Священник задержался на пороге, ничего не видя перед собой.
В бугристой темноте что-то двигалось, шевелилось. Он сказал:
– У меня пересохло во рту. Можно выпить воды?
Вонь ударила ему в нос, к горлу подступила тошнота.
– Потерпи до утра, – сказал сержант. – Сегодня ты уже достаточно выпил. – И, дружелюбно положив свою большую руку ему на спину, втолкнул его в камеру и захлопнул дверь. Священник наступил кому-то на руку, на плечо и, припав лицом к решетке, в ужасе пролепетал:
– Здесь стать некуда. Я ничего не вижу. Кто эти люди? – От гамаков донесся хохот сержанта.

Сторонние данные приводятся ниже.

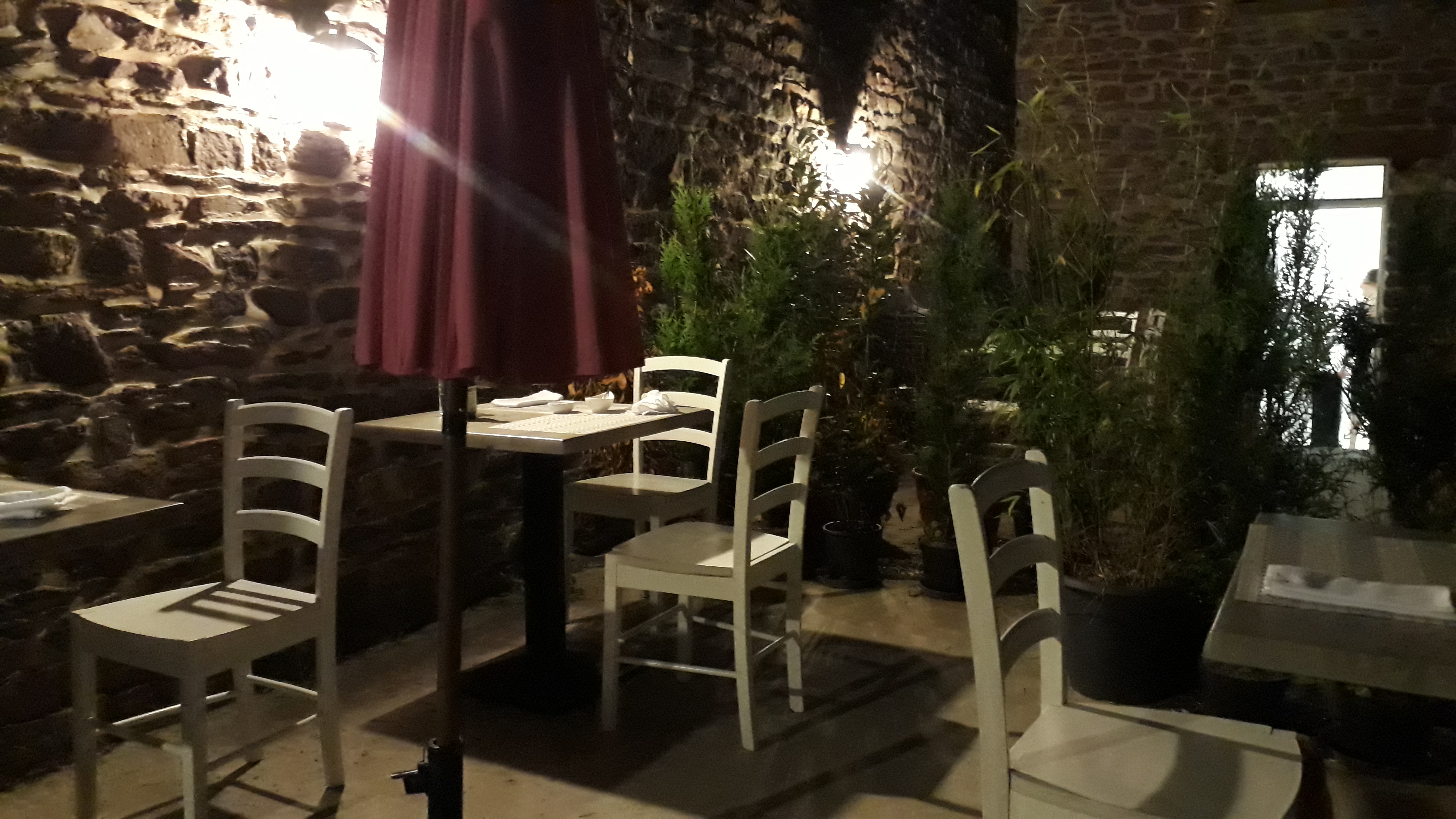 Restaurant réservé la veille pour le lendemain avec précision qu'un enfant en bas âge est à compter. 25 min d'attente, une carafe d'eau apportée en double, 3 tomates cerises et 3 tranches de saucisson et... pas de commande prise. Situés au milieu de la terrasse nous n'étions que visible mais les jeunes serveuses, sans doute débutantes, nous ont évité (???). La table devant nous a commandé et bu son apéritif, commandé ses plats; la tables derrière nous a également commandé ses plats. Mais nous toujours rien avec des passages et repassages sur la terrasse des serveuses. Quand est arrivé un couple au bout de 20 min sur la terrasse: installés de suite, on leur a servi les amuse-gueules, leur carafe, distribué la carte et pris leur commande dans la foulée. Cela a été la goutte d'eau qui a fait débordé le vase. Rajouter à cela l'enfant qui commençait à réclamer à manger! Nous avons laissé 5 min de plus mais les serveuses tournaient autour de la terrasse sans jamais venir à notre table: nous avons choisi de partir. Ma femme a signifié à l'une des serveuses que nous partions car c'était réellement trop long: elle a juste proposé de nous servir de suite puis nous a dit au-revoir!!!^^ J'ai pour ma part sollicité l'un des cuisinier pour lui demander de voir le/la responsable : il a semblé embêté puis m'a dit elle arrive. Nous dirigeant vers la sortie elle n'a eu d'autre mots que de me dire qu'elle doutait que j'ai attendu aussi longtemps (je lui ai donc montré l'heure à laquelle nous étions arrivée et l'heure actuelle), qu'elle était rapide pour faire une galette pour le petit de suite et enfin qu'il ne fallait pas le prendre comme cela... La phrase qui a fini d'achever la soirée. Bilan: Service : 0/20 Accueil mitigé Prise en compte du client: néant. Nous ne sommes pas des touristes mais bien des habitants du coin qui cherchions une adresse pour y dîner sereinement et y revenir. Nous n'avons pas manger, nous ne reviendront pas et nous ne ferons pas une bonne publicité autour de nous.
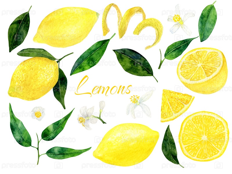 Набор акварельных лимонов.Кит дизайна для строительных открыток, приглашений, бумаги для скрапбуков и других принтов
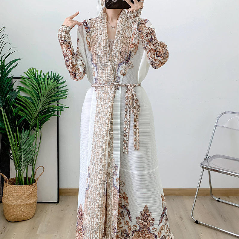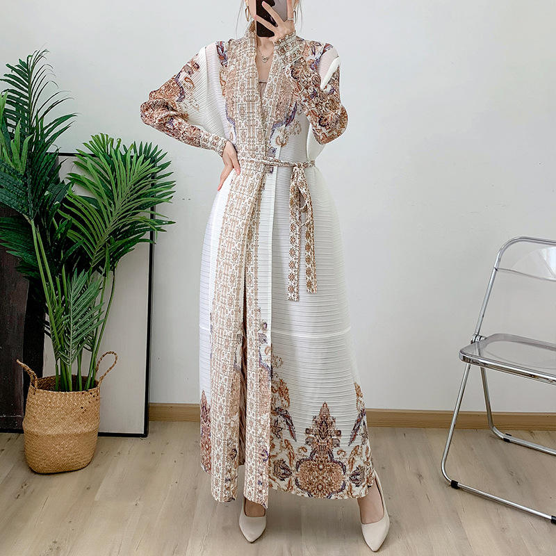 Women's Elegant Beige Pleated Abaya Cross-Border Printed Arabian Robe for Fall for Middle East Foreign Trade
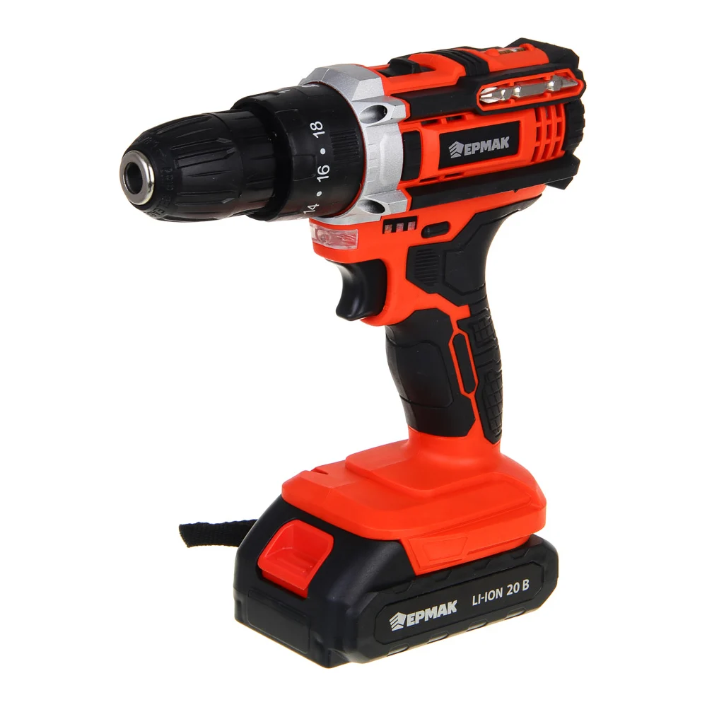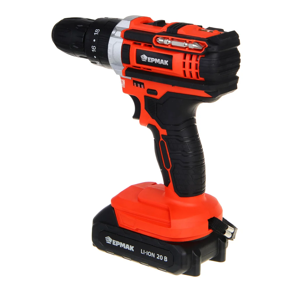 Купить Дрель-шуруповерт аккумуляторный ударный ЕРМАК ДША-20, 20В, 2Ач, 0-400-1500 об.мин, 40 нм 691-046 по лучшей цене с доставкой - интернет магазин №1 в России

– Hombre [друг (исп.)], – сказал он, – hombre, ты что, никогда в тюрьме не сидел?
3
Голос, где-то у самых его ног, проговорил:
– Курево есть? – Он дернулся назад и наступил кому-то на руку. Другой голос повелительно сказал: – Воды, скорее! – будто обладатель его думал, что, если новичка застать врасплох, он все даст.
– Курево есть?
– Нет. – Он тихо добавил: – У меня ничего нет, – и ему показалось, что враждебность поднимается снизу, как дым. Он снова двинулся. Кто-то сказал:
– Осторожнее, там параша. – Вот откуда несло вонью. Он замер на месте, дожидаясь, когда к нему вернется зрение. Дождь на улице стихал, припуская лишь на минутку, и гром удалялся. Между вспышками молний и громовыми раскатами уже можно было сосчитать до сорока. На полпути к морю или на полпути к горам. Он стал нащупывать ногой, где бы опуститься на пол, но свободного места не было. При вспышке молнии он увидел гамаки в дальнем конце двора.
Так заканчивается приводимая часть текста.